**Try it**. Stop after the line containing "- 사측은 12차 교섭에서"; retype every line of the data before it exactly, starting from the first.
*** Records for the exercise ***
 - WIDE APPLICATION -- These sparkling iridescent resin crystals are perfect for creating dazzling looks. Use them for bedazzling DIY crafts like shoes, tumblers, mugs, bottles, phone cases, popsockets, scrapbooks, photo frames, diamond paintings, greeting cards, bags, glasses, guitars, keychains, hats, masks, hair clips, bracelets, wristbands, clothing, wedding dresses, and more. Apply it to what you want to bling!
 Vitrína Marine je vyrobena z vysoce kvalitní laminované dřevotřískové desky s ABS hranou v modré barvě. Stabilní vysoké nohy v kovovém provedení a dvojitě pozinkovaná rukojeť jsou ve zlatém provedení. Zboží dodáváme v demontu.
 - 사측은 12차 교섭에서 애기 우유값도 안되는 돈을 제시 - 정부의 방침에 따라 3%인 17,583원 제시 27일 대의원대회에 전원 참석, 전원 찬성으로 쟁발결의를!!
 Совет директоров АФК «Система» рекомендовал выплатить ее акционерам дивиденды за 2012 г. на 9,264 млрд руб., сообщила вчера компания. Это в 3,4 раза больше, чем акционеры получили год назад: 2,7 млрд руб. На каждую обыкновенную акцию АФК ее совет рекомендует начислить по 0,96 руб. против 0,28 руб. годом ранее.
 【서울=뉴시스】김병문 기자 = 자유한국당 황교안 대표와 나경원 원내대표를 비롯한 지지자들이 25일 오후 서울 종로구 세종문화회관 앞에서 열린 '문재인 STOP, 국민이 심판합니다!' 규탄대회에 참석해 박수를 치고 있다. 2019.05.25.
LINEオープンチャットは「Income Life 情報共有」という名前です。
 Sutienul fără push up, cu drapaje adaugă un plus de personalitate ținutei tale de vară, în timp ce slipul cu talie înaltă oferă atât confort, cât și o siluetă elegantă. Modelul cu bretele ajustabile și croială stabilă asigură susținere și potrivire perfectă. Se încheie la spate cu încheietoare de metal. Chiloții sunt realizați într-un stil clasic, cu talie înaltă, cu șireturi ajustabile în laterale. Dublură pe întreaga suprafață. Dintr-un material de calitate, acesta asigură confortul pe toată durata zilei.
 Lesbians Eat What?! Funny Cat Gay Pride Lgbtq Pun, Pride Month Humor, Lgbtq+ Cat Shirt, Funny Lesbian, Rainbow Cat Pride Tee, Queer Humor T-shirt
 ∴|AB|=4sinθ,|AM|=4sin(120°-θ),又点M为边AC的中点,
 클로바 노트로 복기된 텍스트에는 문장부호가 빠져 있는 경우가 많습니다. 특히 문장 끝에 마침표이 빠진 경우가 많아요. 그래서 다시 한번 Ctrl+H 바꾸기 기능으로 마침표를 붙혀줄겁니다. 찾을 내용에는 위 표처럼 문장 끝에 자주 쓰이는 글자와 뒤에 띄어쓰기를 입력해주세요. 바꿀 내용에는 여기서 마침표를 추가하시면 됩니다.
*** End of Records for the exercise ***
**Response to the exercise**.
 - WIDE APPLICATION -- These sparkling iridescent resin crystals are perfect for creating dazzling looks. Use them for bedazzling DIY crafts like shoes, tumblers, mugs, bottles, phone cases, popsockets, scrapbooks, photo frames, diamond paintings, greeting cards, bags, glasses, guitars, keychains, hats, masks, hair clips, bracelets, wristbands, clothing, wedding dresses, and more. Apply it to what you want to bling!
 Vitrína Marine je vyrobena z vysoce kvalitní laminované dřevotřískové desky s ABS hranou v modré barvě. Stabilní vysoké nohy v kovovém provedení a dvojitě pozinkovaná rukojeť jsou ve zlatém provedení. Zboží dodáváme v demontu.
 - 사측은 12차 교섭에서 애기 우유값도 안되는 돈을 제시 - 정부의 방침에 따라 3%인 17,583원 제시 27일 대의원대회에 전원 참석, 전원 찬성으로 쟁발결의를!!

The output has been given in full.